Chinese village anger erupts against police
By Chris Buckley
BEIJING (Reuters) – Protests against Chinese police erupted
in the home village of a detained rights activist in Shandong
province on Sunday, a week after Premier Wen Jiabao visited the
province to promote “harmony” in the countryside.
Chen Guangcheng has been under unofficial house arrest
since September when local officials sought to silence his
campaign against family planning policies, which he says
include forced late-pregnancy abortions.
His house is usually surrounded by guards at all times and
his phone cut off.
On Sunday, farmers in Chen’s Dongshigu Village protested
the beating and detention of Chen Hua, a cousin and neighbor of
the activist, attacking police vehicles, according to several
villagers in Shandong province in coastal eastern China about
300 km (185 miles) southeast of Beijing.
Chen Guangcheng told Reuters late on Sunday he was able to
briefly leave his house during the disturbances, guarded by a
dozen or so sympathisers.
“The villagers are angry, because they suffer abuse from
these people, as well,” he said by telephone. “It’s bad enough
how they’re treating me, but it’s too much when my neighbor
also suffers just because of me.”
Chen Hua was taken away by police on Sunday, after
venturing close to Cheng Guangcheng’s house four days earlier
and being beaten by guards after an argument, said Chen Hua’s
sister-in-law, Chen Xie.
Chen Hua was close to his activist cousin and has been
detained before for supporting him, she told Reuters. Relatives
and other residents occupied village offices late on Sunday
night demanding Chen Hua’s release, she said.
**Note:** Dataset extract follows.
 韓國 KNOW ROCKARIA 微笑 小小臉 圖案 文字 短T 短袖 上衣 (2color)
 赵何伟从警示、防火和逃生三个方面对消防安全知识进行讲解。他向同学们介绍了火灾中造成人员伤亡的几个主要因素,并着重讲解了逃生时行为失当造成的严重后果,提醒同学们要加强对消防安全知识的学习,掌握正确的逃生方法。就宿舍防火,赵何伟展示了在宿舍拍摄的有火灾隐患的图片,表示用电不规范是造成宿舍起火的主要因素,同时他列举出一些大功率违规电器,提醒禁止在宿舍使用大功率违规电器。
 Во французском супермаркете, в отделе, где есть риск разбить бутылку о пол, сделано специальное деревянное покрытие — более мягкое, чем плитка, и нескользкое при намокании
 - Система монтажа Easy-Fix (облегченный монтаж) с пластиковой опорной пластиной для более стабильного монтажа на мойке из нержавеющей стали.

Another villager estimated about 200 villagers were
involved in the protests on Sunday, and said some broke a
window in a police van. Dozens of officers were brought in to
quell the unrest, he added. He asked his name not be used.
“Villagers had a big reaction,” said Chen Xie, the
relative. “They say we have rights, but where are they now?”
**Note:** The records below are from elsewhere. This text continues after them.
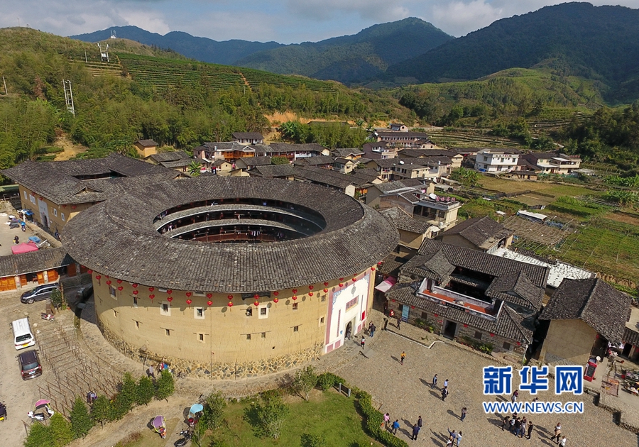 “福建土樓”產(chǎn)生于宋元時期,主要分布在福建省龍巖市永定區(qū),漳州市南靖縣、華安縣。因其大多數(shù)為遷徙至福建的客家人所建,故又稱“客家土樓”。這一獨特的山區(qū)大型夯土民居建筑,融入了中國傳統(tǒng)建筑的“風(fēng)水”理念,適應(yīng)聚族而居的生活和防御的要求,體現(xiàn)了人文造詣與自然環(huán)境的和諧共享。2008年,福建土樓被正式列入《世界遺產(chǎn)名錄》。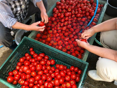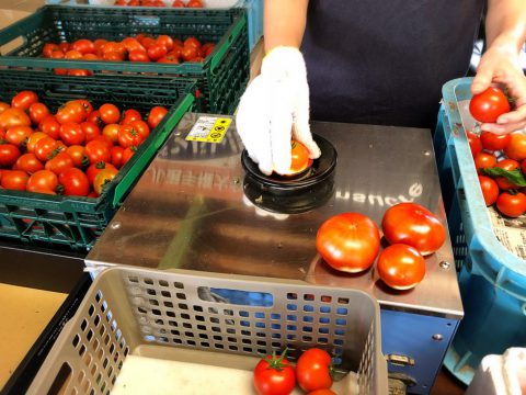 選果場も案内してくださいました。収穫したトマトを一つ一つ機械に乗せて何かを調べているようですが、何をされているのでしょう?「糖度検査をしています。収穫した全てのトマトの糖度を測るんですよ。糖度8.5度以上のものだけが、プレミアムトマトまいひめ物語として出荷されます。8.5度以上とは、いちごと同等の糖度になります。9.5度以上になると特選です。」糖度の高さにもびっくりですが、全てのトマトを一つ一つ手作業で糖度を測るという作業に驚きました!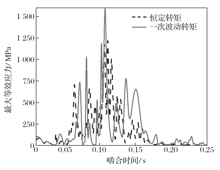 圖12 恒定轉矩與一次波動轉矩zui大等效應力的對比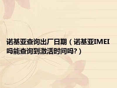 相信目前很多小伙伴对于诺基亚IMEI吗能查询到激活时间吗?都比较感兴趣,那么小编今天在网上也是收集了一些与诺基亚IMEI吗能查询到激活时间吗?相关的信息来分享给大家,希望能够帮助到大家哦。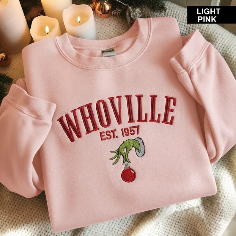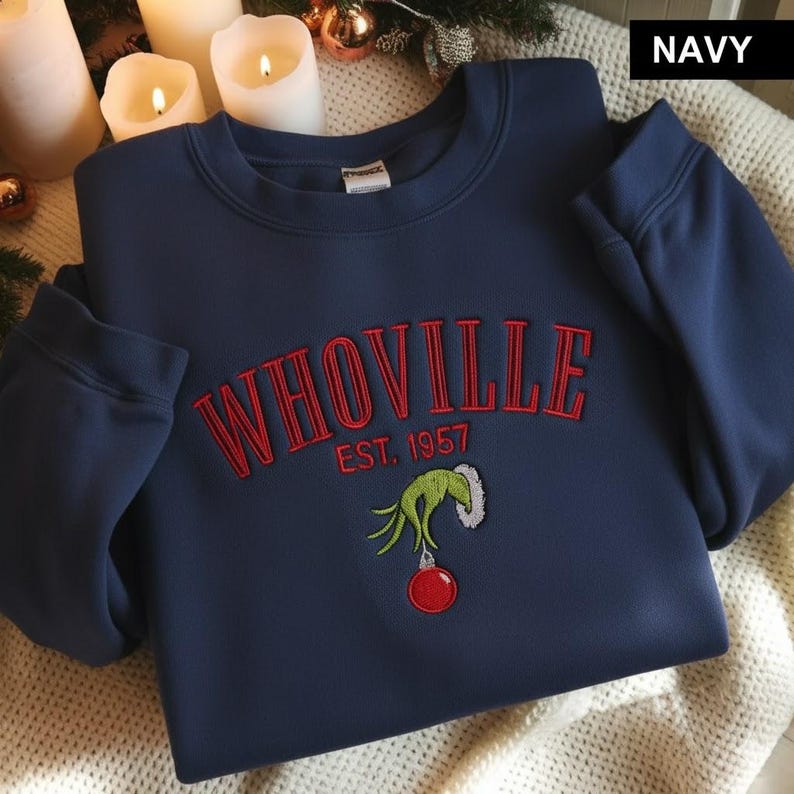 Whoville Christmas Merry Grinchmas Embroidered Sweatshirt, Christmas Gifts for Friends, Funny Christmas Embroidered Sweatshirt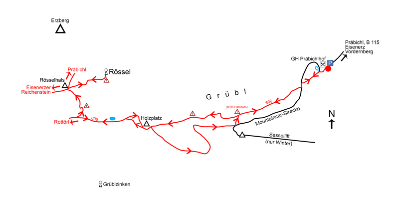 Technisch unschwierige, kurze, teilweise steile und steinige bzw. leicht felsige Tour auf bis zum Rösselhals stark begangenen Karrenwegen, Steigen und Wiesenpfaden. Der steile, oft rutschige Aufstiegsweg im Grübl kann auf dem parallel verlaufenden Karrenweg, den wir beim Abstieg verwenden, umgangen werden. Vorsicht beim Auf- bzw. Abstieg über steiles Wiesengelände und im schmalen Gipfelbereich des Rössels, hier ist vor allem bei nassen Bodenverhältnissen Trittsicherheit ratsam! Der alternative Abstiegsweg vom Rösselhals nördlich vorbei am Rössel ist laut Auskunft von Einheimischen an vielen Stellen ungepflegt. Es gibt wochentags unangekündigte Sprengungen auf dem Erzberg!
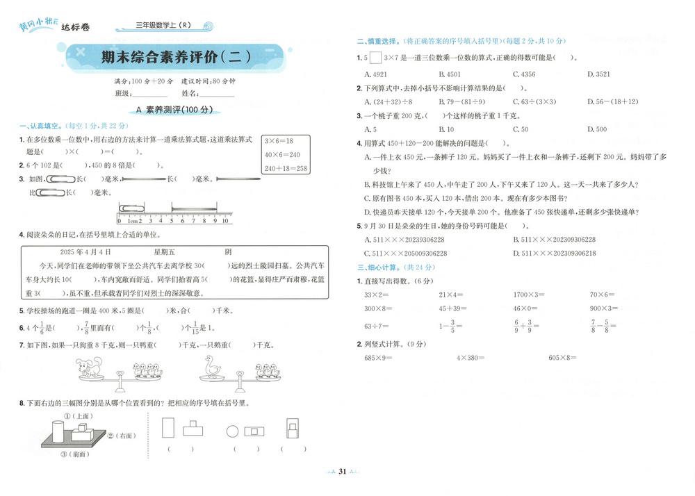 新教材人教版三年级数学上册期末测试卷四十三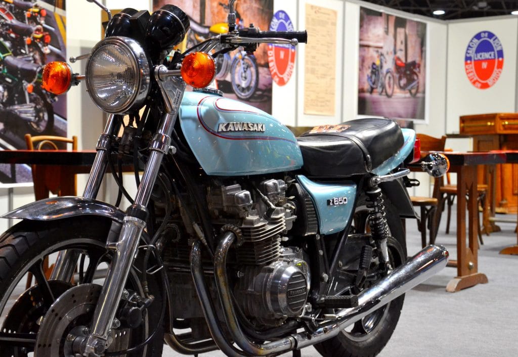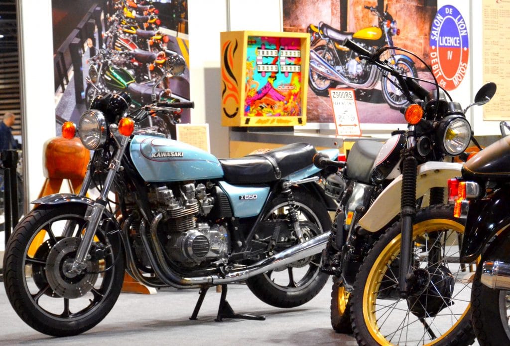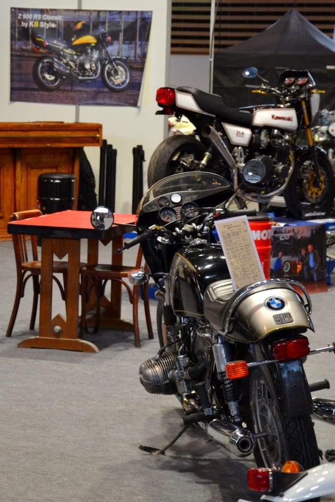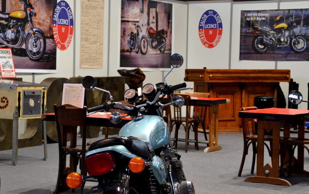 KB Style occupait un grand stand vintage (Hall 5, stand 11) avec une collection de motos restaurées des années 70 :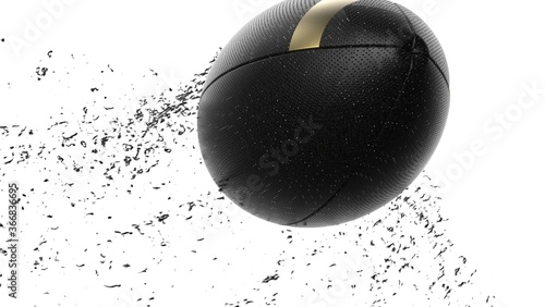 Fototapeta premium Black-Gold American Foot Ball with Black Particles in black-white lighting background. 3D CG. 3D illustration. 3D high quality rendering.

She said the family had no information or official notification
of Chen Hua’s whereabouts.
She said several villagers were injured, but was not sure
how badly. Reuters’ calls to the village office and local
Shuanghou Town Police Station late on Sunday night were not
answered.
Chen Guangcheng, in his mid-30s, is blind and first studied
law textbooks, helped by his wife, to press his rights as a
disabled citizen. He later used his expertise to advise farmers
complaining about corruption and official abuses, including
coercive family planning practices.
Chen’s whistleblowing prompted the government to sack and
detain several officials in Shandong, state media have said.
But officials from Yinan county, which runs Dongshigu,
forcibly brought Chen back from Beijing last September, saying
he was sharing “state secrets” with foreign journalists.
This latest incident is one of the tens of thousands of
protests that Chinese police admit happen every year across the
country, especially the countryside.
Premier Wen toured rural Shandong last week, highlighting
his promise to improve farmers’ healthcare, schools and incomes
in the country’s next five-year development plan.